Troy Camplin writes:

People often identify deregulation with the creation of megacorporations (and monopoloies), but in fact it is regulations which cause their creation. Regulations create environments of favoritism. If there is a too-large corporation, you may rest assured that the government was involved in making it that large. The same is true of monopolies. They do not arise naturally in free market conditions, but are created by governments, either directly or indirectly. I have also noticed that too often what is being called "deregulation" is nothing of the sort, but is in fact merely a different regulatory regime. I challenge anyone here to show me something that was truly deregulated rather than placed under different kinds of regulations.

El Presidente writes:

The simple solution, as was pointed out, is to balance the size and scope of the regulated firms and the regulating authority so that neither grows bigger or more powerful than is good and proper for the healthy functioning of markets and the general welfare of the people those markets affect. This is why it baffles me to hear people rail against FDR's sentiment (here and elsewhere) that a good way to empower more individuals was to reign in malevolent private sector actors. It is only when their baser instincts are effectively held in check that regulatory governance can safely be scaled down. I thought we would have learned that by now.
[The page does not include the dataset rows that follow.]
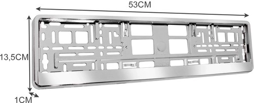 Vsebina paketa: 2x okvir za registrske tablice z dimenzijami 53 x 13,5 x 1 cm in težo 381 g vsak, skupna teža paketa 538 g.
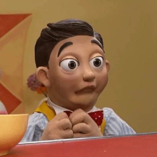 Personagem de desenho animado com olhos grandes e arregalados, mãos ao lado da cabeça, parecendo surpreso ou confuso,…
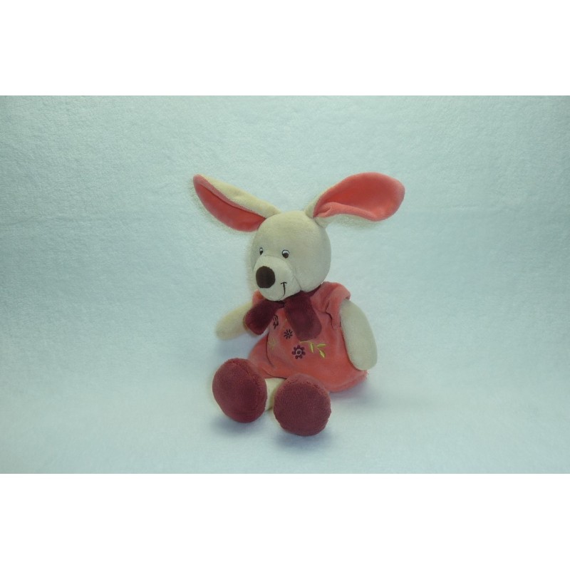 Description du doudou : Doudou peluche lapin de 28 cm environ sans les oreilles, porte une robe et une écharpe. Doudou super doux. Etat : Comme neuf (étiquette de la marque coupée), produit original.
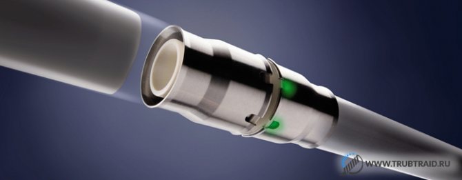 - The edge of the pipe is processed with a calibrator, cleaned. A crimp fitting is put on the pipe (the fact that the fitting has entered deep enough is shown by an indicator - a special window). A nozzle is inserted into the press under the corresponding diameter (the base of the tool rotates, so it is convenient to work with it in any place and position The pipe is placed in the mouth of the press and crimped in a few seconds.
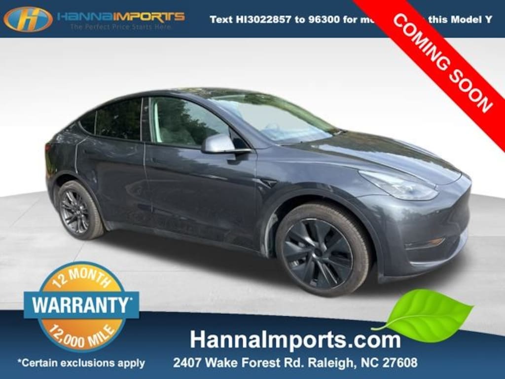 Why shop with Hanna Imports? We specialize in hand-selecting top-quality used cars, trucks, and SUVs for drivers across Raleigh, Durham, Cary, Chapel Hill, and the greater Triangle area of North Carolina. Our massive selection of 1,000+ vehicles on our Raleigh lot is carefully curated to include the most sought-after models, all priced below market value. We believe in transparency and efficiencyâ€"our vehicles are aggressively priced from the start, which means no haggling, no hassle, and no wasted time. The price you see is our absolute best price. Whether you're coming from Wake Forest, Apex, Garner, or anywhere in central NC, we’re committed to making your car-buying experience smooth, affordable, and enjoyable. Come see why Hanna Imports is one of the most trusted used car dealerships in North Carolina! Used Tesla Model Y in Raleigh. Used Tesla Model Y in North Carolina, Model Y Long Range, Exterior Parking Camera Rear, Heated front seats, Heated rear seats, Lane Departure Warning System, Navigation System, Power Liftgate, 4-Wheel Disc Brakes, 5 Seat Interior, 7 Speakers, ABS brakes, Air Conditioning, Alloy wheels, Audio memory, Auto High-beam Headlights, Auto tilt-away steering wheel, Auto-dimming door mirrors, Auto-dimming Rear-View mirror, Automatic temperature control, Brake assist, Bumpers: body-color, Compass, Delay-off headlights, Driver door bin, Driver vanity mirror, Dual front impact airbags, Dual front side impact airbags, Electronic Stability Control, Emergency communication system, Four wheel independent suspension, Front anti-roll bar, Front Bucket Seats, Front Center Armrest, Front dual zone A/C, Front reading lights, Fully automatic headlights, Genuine wood dashboard insert, Heated door mirrors, Heated steering wheel, HVAC memory, Illuminated entry, Knee airbag, Low tire pressure warning, Memory seat, Occupant sensing airbag, Outside temperature display, Overhead airbag, Passenger door bin, Passenger vanity mirror, Power door mirrors, Power driver seat, Power passenger seat, Power steering, Power windows, Radio data system, Radio: Custom Audio System w/7 Speakers, Rain sensing wipers, Rear air conditioning, Rear reading lights, Rear seat center armrest, Rear window defroster, Security system, Speed control, Speed-sensing steering, Split folding rear seat, Steering wheel memory, Steering wheel mounted A/C controls, Steering wheel mounted audio controls, Telescoping steering wheel, Tilt steering wheel, Traction control, Trip computer, Variably intermittent wipers, Vegan Leather Seat Trim, and Wheels: 19" x 9.5" Gemini Dark.
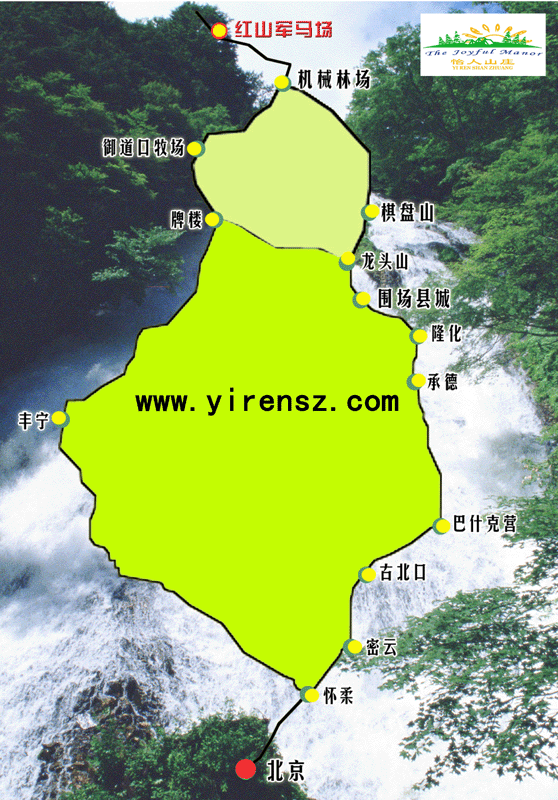 走懷柔--豐寧---圍場牌樓(鄉)--御道口牧場--機械林場---紅山軍馬場. 北京-木蘭圍場·怡人山莊路線圖
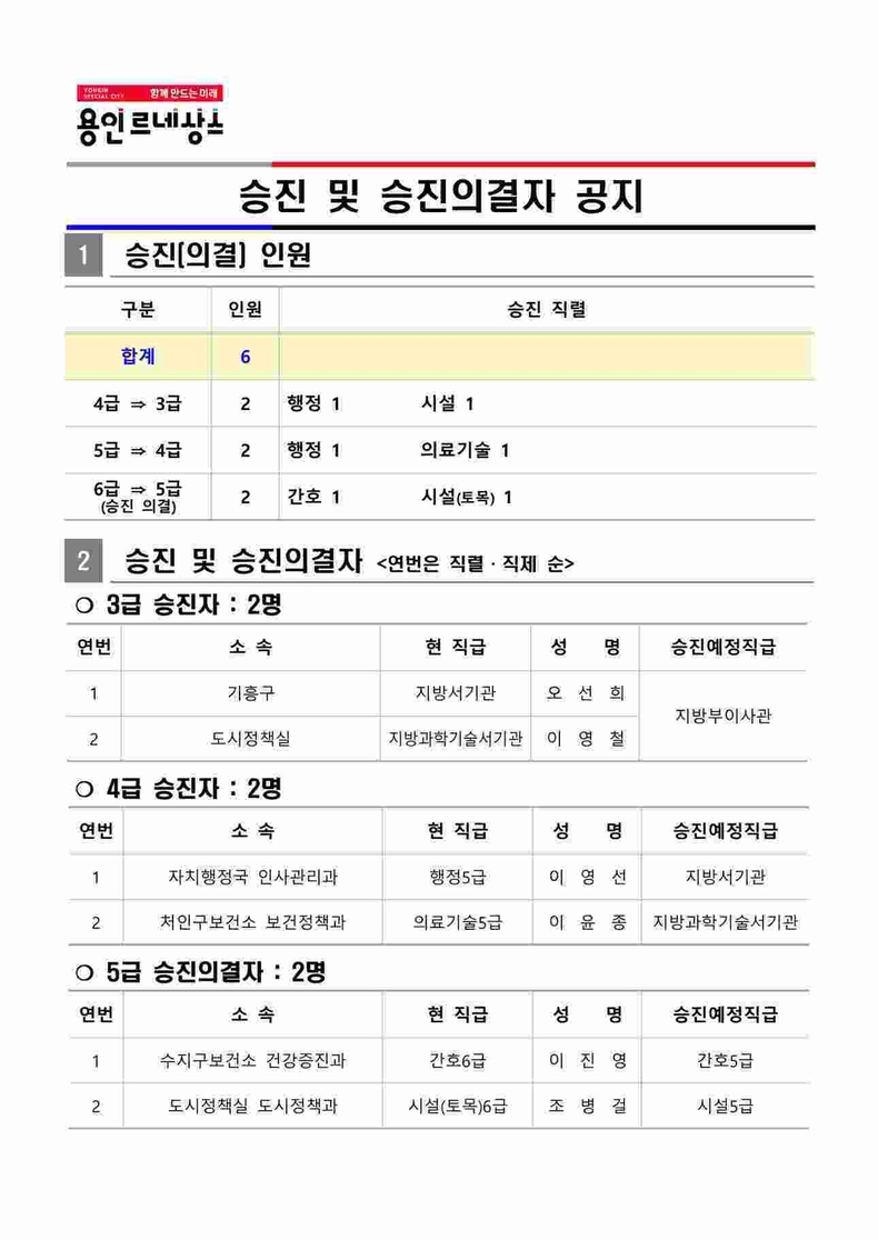 용인특례시 승진인사 의결 알림(2026년 1월)
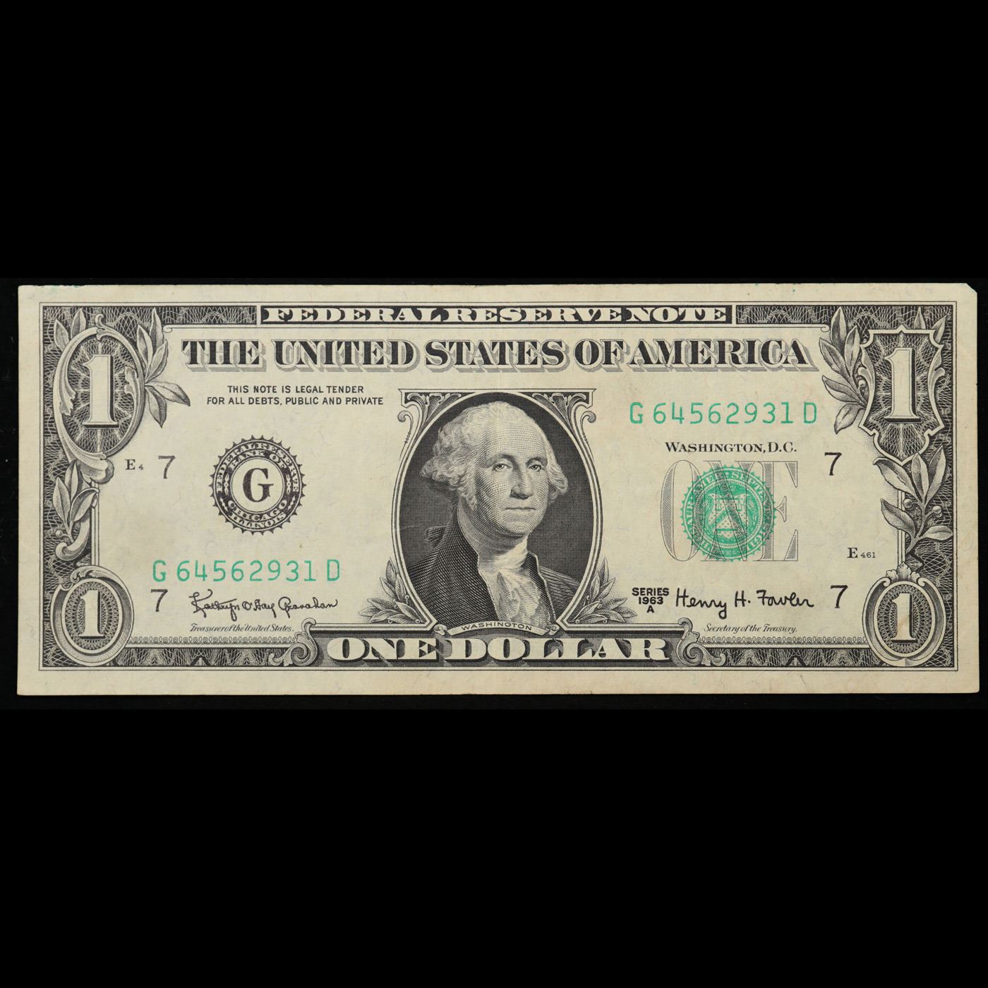 1963A $1 Green Seal Federal Reserve Note Grades Choice AU/BU Slider.

The challenge, of course, is to reign in the regulator as well. This can best be done with transperency and accountability which both require an active participatory electorate that is educated about the matters placed before them. Sometimes people cast an ill-advised vote though for want of better information or simply out of shortsightedness. For instance, tax reform in California shifted the MRTS in favor of land (as opposed to labor or capital) in a manner which only encourages less efficient use of it and attendant fiscal stress (more taxes, less value). That was all done by provoking voters who didn't really understand what they were voting for and probably didn't care enough to figure it out. They could have had better service with lower taxes, but they chose a policy that would enrich land owners and reduce both public and private sector efficiency. So, with complicated matters like regulating financial markets, there is a great need for educating the public. Who is advocating _that_ and how can we support them?

Steve writes:

"Taibbi provides a narrative of the story that occludes market distortions caused very substantially by Congress."

It might be worthwhile to read what he wrote, because he explicitly attacks the nexus of Wall Street and government.

sam dixon writes:

Tabbi's rant is entertainment pure and simple. There's some good observations (e.g. Wall St. behavior similar to that of crack heads.) The best visual rendition I've seen is a youtube vid created by a Wall St broker:
I don't agree with his statement that we are all 'still in denial' particularly if you notice what happened to your 401k. Where I feel the real 'denial' is the American conscience dependence on mainstream media and so called reality.